We where trying to connect from BPEL to a HTTPS service but we ran into SSL problems. After checking all the keystores and it’s locations, it still didn’t seem to pick our keystore up.
The error we found in the log looked like this:
Caused by: javax.net.ssl.SSLHandshakeException: sun.security.validator.ValidatorException: PKIX path building failed: sun.security.provider.certpath.SunCertPathBuilderException: unable to find valid certification path to requested target
After some digging we found out that this is a nice feature.
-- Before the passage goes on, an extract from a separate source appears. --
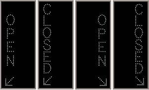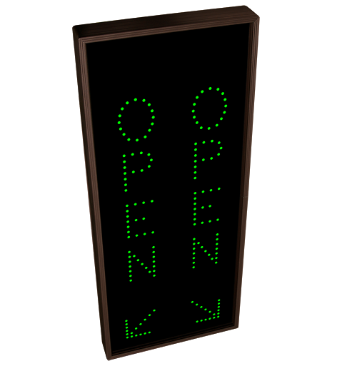 This TCL Series OPEN w/ Down Left Arrow | CLOSED w/ Down Left Arrow | OPEN w/ Down Right Arrow | CLOSED w/ Down Right Arrow (120-277VAC) outdoor, blank-out sign is designed with super bright LEDs and a contrasting face; we guarantee it's readable in direct sunlight. The sign message is formed by visible LEDs on a black sign face and is designed to illuminate the message(s) when turned on and blank out or extinguish the message when off.

When you don’t remove the DemoTrust.jks from the setDomainEnv.sh, it will not load your defined keystore. Remove the DemoTrust.jks entry and it works like a charm. For the release notes see:
Please follow section “21.2.1 Removing References to the Demo Certificates When Using Your Own SSL Certificates” in the following document:
Oracle Fusion Middleware Release Notes
11g Release 1 (11.1.1) for Linux x86-64
Part Number E14770-11
Un-be-f–king-lievable. Thank you Hugo for digging this up, you saved me, I would have never found this on my own.
Oracle, you are a bunch of turds.
For SOA to work, it all just has to WORK, and this is just one more example of the hot, sloppy mess that is SOA Suite, OSB, and the rest. FYI to anyone that reads this: SOA Suite ain’t hardly worth the trouble.